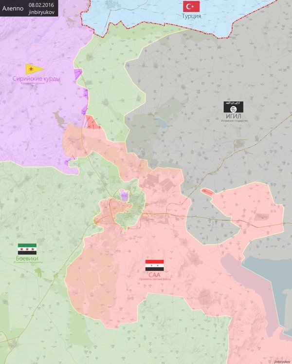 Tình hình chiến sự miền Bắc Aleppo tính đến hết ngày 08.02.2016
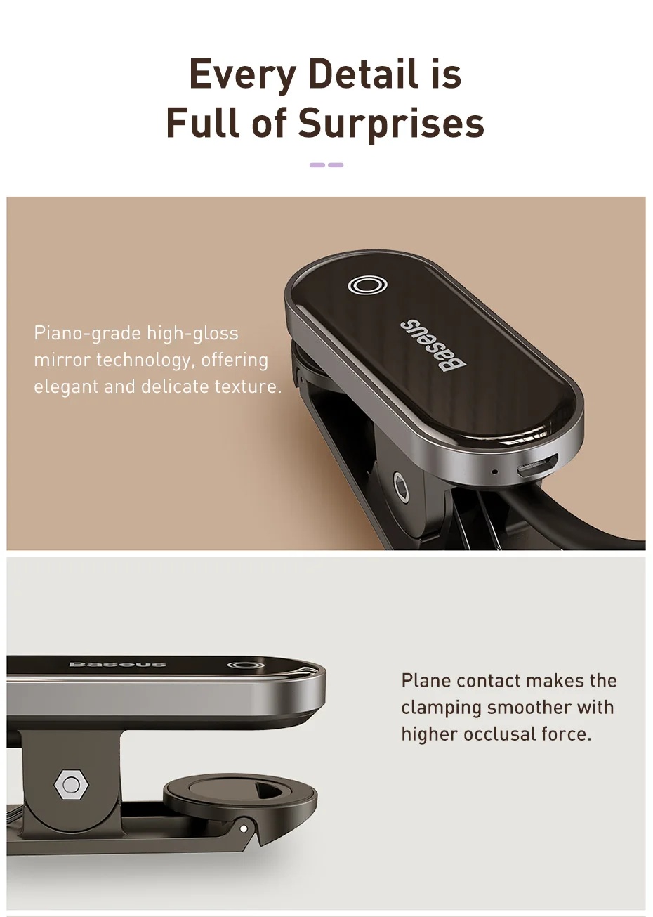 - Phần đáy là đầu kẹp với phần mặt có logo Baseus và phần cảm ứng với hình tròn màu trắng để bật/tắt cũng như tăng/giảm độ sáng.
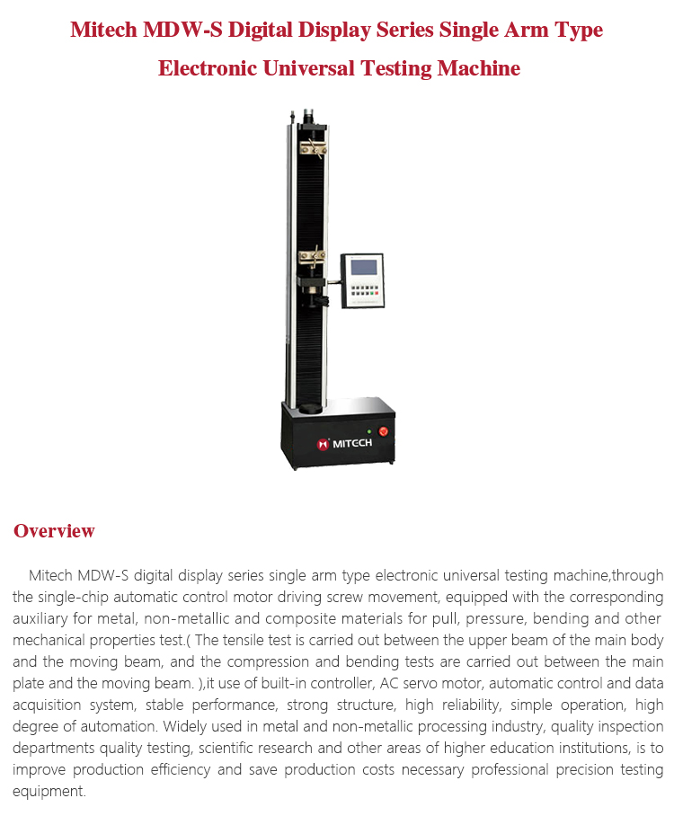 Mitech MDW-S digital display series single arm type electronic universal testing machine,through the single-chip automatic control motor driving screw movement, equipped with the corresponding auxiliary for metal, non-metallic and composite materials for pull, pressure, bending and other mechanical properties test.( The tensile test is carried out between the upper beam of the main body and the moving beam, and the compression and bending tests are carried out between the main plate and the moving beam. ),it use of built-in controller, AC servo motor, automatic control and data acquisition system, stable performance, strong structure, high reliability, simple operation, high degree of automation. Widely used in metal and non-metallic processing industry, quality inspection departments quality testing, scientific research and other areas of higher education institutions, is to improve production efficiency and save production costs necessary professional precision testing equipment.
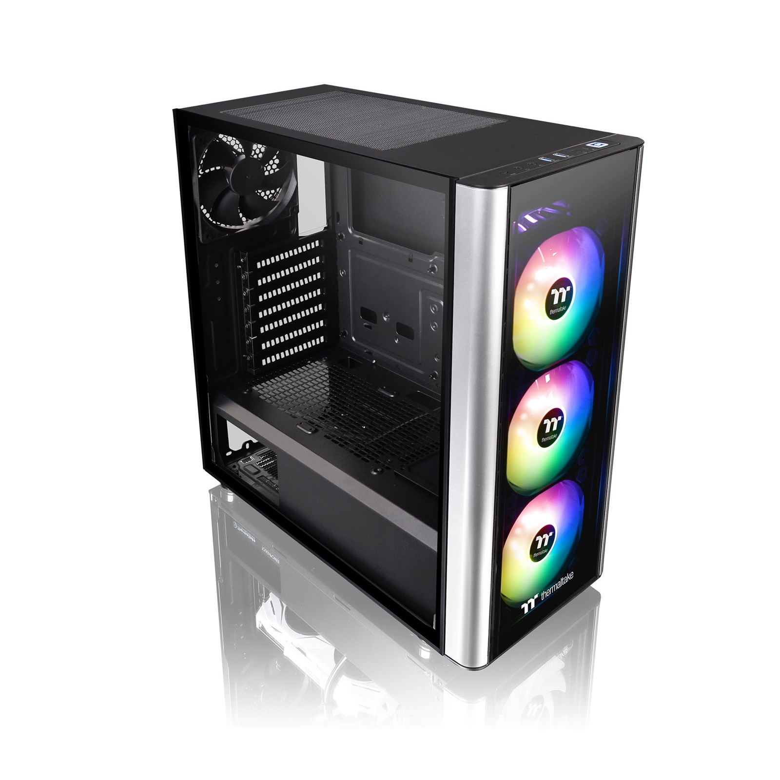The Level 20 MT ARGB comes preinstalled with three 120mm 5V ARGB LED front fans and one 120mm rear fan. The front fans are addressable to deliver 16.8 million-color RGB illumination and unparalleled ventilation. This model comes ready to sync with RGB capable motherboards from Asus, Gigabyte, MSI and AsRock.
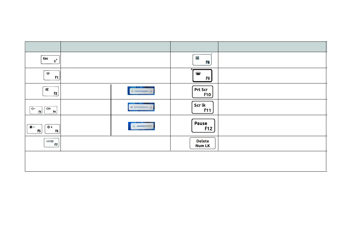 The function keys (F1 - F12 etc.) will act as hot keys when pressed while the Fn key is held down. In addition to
--------
DIRECTIONS: Word for word, repeat only the lines from the line containing "The Level 20" through the end of the data, without any pictures.

WRITTEN ANSWER:
The Level 20 MT ARGB comes preinstalled with three 120mm 5V ARGB LED front fans and one 120mm rear fan. The front fans are addressable to deliver 16.8 million-color RGB illumination and unparalleled ventilation. This model comes ready to sync with RGB capable motherboards from Asus, Gigabyte, MSI and AsRock.
 The function keys (F1 - F12 etc.) will act as hot keys when pressed while the Fn key is held down. In addition to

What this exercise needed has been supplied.